---- Exercise material

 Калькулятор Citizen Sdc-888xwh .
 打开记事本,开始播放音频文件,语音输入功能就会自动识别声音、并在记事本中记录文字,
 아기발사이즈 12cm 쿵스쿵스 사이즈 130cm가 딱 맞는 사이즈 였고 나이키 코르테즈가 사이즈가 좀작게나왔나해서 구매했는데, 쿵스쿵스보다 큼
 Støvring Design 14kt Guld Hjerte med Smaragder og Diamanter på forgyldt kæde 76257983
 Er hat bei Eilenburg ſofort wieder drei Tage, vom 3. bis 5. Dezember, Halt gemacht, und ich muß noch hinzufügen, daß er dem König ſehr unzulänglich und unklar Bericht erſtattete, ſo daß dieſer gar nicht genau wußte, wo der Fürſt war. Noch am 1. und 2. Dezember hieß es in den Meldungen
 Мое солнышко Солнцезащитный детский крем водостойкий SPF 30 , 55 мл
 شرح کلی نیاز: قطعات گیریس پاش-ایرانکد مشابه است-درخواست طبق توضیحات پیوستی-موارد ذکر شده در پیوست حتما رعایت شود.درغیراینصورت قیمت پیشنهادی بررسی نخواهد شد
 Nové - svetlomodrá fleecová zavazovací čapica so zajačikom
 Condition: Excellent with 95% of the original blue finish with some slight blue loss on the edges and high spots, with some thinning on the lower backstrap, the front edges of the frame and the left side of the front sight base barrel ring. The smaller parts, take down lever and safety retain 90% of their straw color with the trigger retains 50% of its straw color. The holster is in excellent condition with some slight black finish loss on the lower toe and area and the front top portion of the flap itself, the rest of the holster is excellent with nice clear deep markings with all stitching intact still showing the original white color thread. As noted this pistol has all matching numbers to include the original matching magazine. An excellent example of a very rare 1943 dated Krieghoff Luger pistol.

--------

> **What the exercise asks**
Give the records again, exactly as they appear.

> **Answer**
 Калькулятор Citizen Sdc-888xwh .
 打开记事本,开始播放音频文件,语音输入功能就会自动识别声音、并在记事本中记录文字,
 아기발사이즈 12cm 쿵스쿵스 사이즈 130cm가 딱 맞는 사이즈 였고 나이키 코르테즈가 사이즈가 좀작게나왔나해서 구매했는데, 쿵스쿵스보다 큼
 Støvring Design 14kt Guld Hjerte med Smaragder og Diamanter på forgyldt kæde 76257983
 Er hat bei Eilenburg ſofort wieder drei Tage, vom 3. bis 5. Dezember, Halt gemacht, und ich muß noch hinzufügen, daß er dem König ſehr unzulänglich und unklar Bericht erſtattete, ſo daß dieſer gar nicht genau wußte, wo der Fürſt war. Noch am 1. und 2. Dezember hieß es in den Meldungen
 Мое солнышко Солнцезащитный детский крем водостойкий SPF 30 , 55 мл
 شرح کلی نیاز: قطعات گیریس پاش-ایرانکد مشابه است-درخواست طبق توضیحات پیوستی-موارد ذکر شده در پیوست حتما رعایت شود.درغیراینصورت قیمت پیشنهادی بررسی نخواهد شد
 Nové - svetlomodrá fleecová zavazovací čapica so zajačikom
 Condition: Excellent with 95% of the original blue finish with some slight blue loss on the edges and high spots, with some thinning on the lower backstrap, the front edges of the frame and the left side of the front sight base barrel ring. The smaller parts, take down lever and safety retain 90% of their straw color with the trigger retains 50% of its straw color. The holster is in excellent condition with some slight black finish loss on the lower toe and area and the front top portion of the flap itself, the rest of the holster is excellent with nice clear deep markings with all stitching intact still showing the original white color thread. As noted this pistol has all matching numbers to include the original matching magazine. An excellent example of a very rare 1943 dated Krieghoff Luger pistol.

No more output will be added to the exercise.